How to complete this task: When you reach the line with "Gehen Sie zunächst" in the records below, begin transcribing exactly and continue up to and including the line with "to sign capitulation", leaving out every picture.

Raw data:
——————————

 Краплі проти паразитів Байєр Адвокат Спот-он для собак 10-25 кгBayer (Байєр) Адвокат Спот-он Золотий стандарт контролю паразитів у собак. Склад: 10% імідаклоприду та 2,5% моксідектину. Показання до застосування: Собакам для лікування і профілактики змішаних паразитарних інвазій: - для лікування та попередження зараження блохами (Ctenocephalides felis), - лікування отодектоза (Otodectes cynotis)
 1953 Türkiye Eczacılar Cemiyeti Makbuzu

——————————

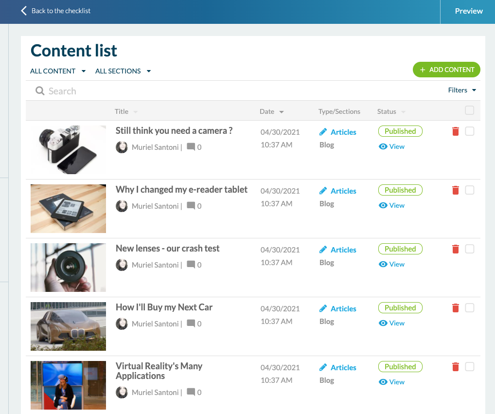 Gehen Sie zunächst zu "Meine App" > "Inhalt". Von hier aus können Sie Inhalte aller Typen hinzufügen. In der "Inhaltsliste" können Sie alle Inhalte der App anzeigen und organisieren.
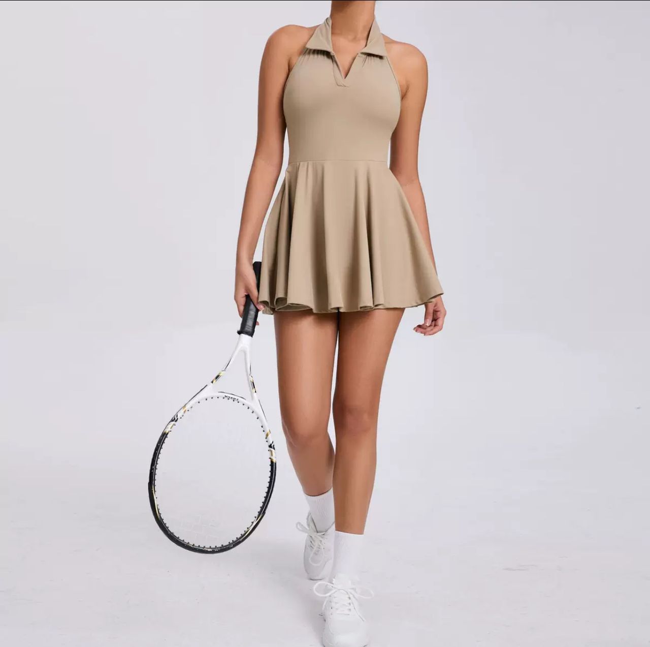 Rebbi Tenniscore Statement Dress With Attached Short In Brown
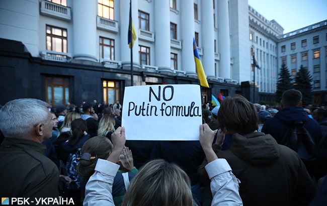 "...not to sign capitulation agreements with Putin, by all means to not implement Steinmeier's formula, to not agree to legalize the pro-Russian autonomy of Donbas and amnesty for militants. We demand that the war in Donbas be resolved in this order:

——————————

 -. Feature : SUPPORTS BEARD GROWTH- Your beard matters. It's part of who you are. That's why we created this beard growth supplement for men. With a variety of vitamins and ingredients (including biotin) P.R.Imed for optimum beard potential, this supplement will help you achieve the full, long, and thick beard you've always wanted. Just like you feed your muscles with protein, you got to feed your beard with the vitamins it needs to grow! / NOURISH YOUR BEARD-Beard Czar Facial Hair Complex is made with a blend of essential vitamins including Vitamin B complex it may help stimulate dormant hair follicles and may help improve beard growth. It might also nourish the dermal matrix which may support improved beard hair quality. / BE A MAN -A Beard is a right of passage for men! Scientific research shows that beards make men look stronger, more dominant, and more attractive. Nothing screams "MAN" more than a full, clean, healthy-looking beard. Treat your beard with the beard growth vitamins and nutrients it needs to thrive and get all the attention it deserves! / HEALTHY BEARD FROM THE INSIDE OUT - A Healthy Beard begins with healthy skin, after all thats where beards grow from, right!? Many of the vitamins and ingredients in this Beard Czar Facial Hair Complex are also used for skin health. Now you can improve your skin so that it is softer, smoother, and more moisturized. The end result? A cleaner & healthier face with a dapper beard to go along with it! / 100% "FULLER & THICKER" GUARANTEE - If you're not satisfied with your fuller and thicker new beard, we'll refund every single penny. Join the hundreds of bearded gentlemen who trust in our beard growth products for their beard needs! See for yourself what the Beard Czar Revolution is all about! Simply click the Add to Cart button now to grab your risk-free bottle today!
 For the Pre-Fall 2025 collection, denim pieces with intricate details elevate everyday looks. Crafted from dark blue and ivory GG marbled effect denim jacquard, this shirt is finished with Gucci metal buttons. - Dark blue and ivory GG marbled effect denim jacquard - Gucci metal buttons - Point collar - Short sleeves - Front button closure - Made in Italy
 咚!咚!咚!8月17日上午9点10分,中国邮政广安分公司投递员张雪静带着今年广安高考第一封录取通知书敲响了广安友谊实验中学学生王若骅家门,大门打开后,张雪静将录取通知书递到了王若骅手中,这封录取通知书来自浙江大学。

——————————

Response for this exercise:
 Gehen Sie zunächst zu "Meine App" > "Inhalt". Von hier aus können Sie Inhalte aller Typen hinzufügen. In der "Inhaltsliste" können Sie alle Inhalte der App anzeigen und organisieren.
 Rebbi Tenniscore Statement Dress With Attached Short In Brown
 "...not to sign capitulation agreements with Putin, by all means to not implement Steinmeier's formula, to not agree to legalize the pro-Russian autonomy of Donbas and amnesty for militants. We demand that the war in Donbas be resolved in this order:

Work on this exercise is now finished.